The use of the black horse here is rather like scheduling a Heroes of Comedy season on UK Gold, featuring interviews with the late Les Dawson, Rik Mayall and Peter Cook – but interspersed with monologues from George Osborne announcing benefit cuts to disabled people. It either misunderstands how virtually everyone views banks and bankers – or it simply doesn’t care. It’s like ISIS selling the sort of merchandise you see in a National Trust shop – erasers, jams and tea-towels – Tesco sending you its mixtape or The Conservative Party making its own pornographic DVDs.

Banks have utterly lost the public’s trust, through their own horrible behaviour. They have shafted us, cheated us, lied to us again and again – and the only conclusion we can come to, since they have done it again and again, is that they’re utterly unrepentant. And they offer glossy adverts in return. It’s like someone stealing your life savings, writing off your car and burning down your house, then commiserating with an offer to buy you a pint with your own cash.

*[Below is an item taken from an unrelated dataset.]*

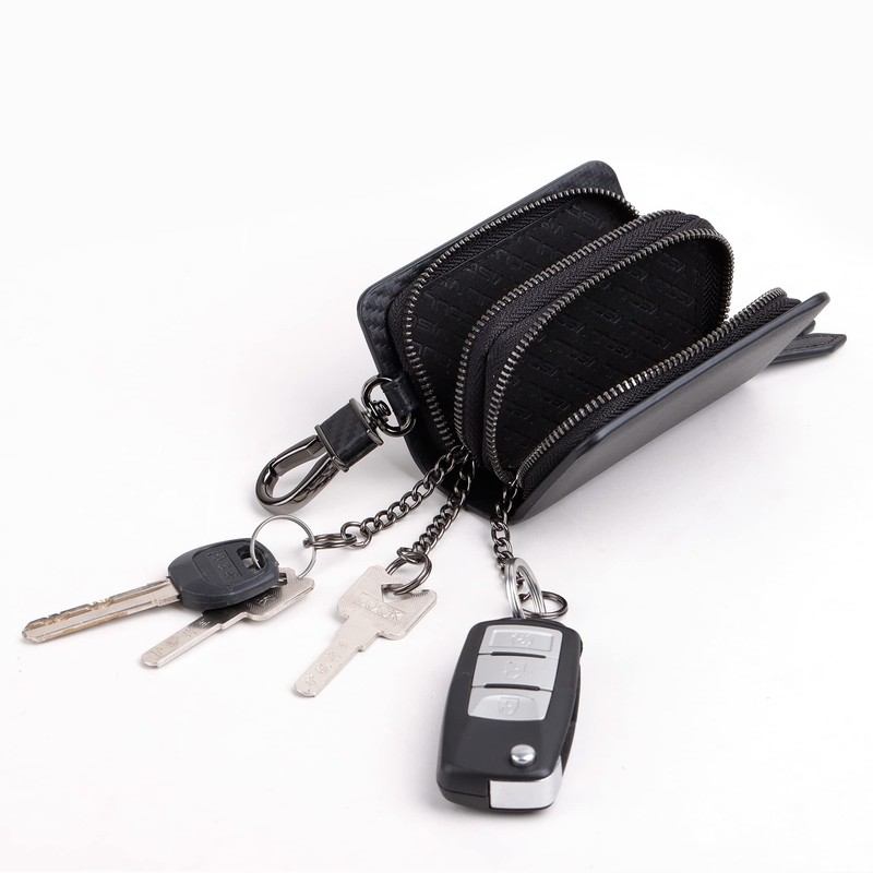 - Holds 2 Keys Simultaneously: This authentic leather smart key case can hold 2 keys and has an L-shaped zipper design for easy access.Aside from smart keys, it can also store car keys and house keys to name a few.

No doubt someone somewhere has been pointing to a Powerpoint display with the phrase ‘recapturing trust’ and ‘restating values’ next to a picture of a black horse, while Lloyds boffins nod and chew their expensive pens. And everyone involved in it – bosses, marketers, foot soldiers, consumers and regulators – know this dishonest advertising to be a massive lie on every level. It’s a sticking plaster over a wound so ragged, festering and grievous – bailouts, bonuses, scandal, rigging; the things that have defined banks over the last decade – that it amounts to a colossal affront to everyone’s intelligence. An appalling insult to terrible injury. The threat is barely implicit: let us do what we want, bail us out, leave us alone. If we go down we’re taking you with us.

If you want a metaphor involving a horse to demonstrate the balance of power between the banks and us, don’t think of a billowing, rippling steed running through Kent. Imagine waking up to a severed equine head under your duvet.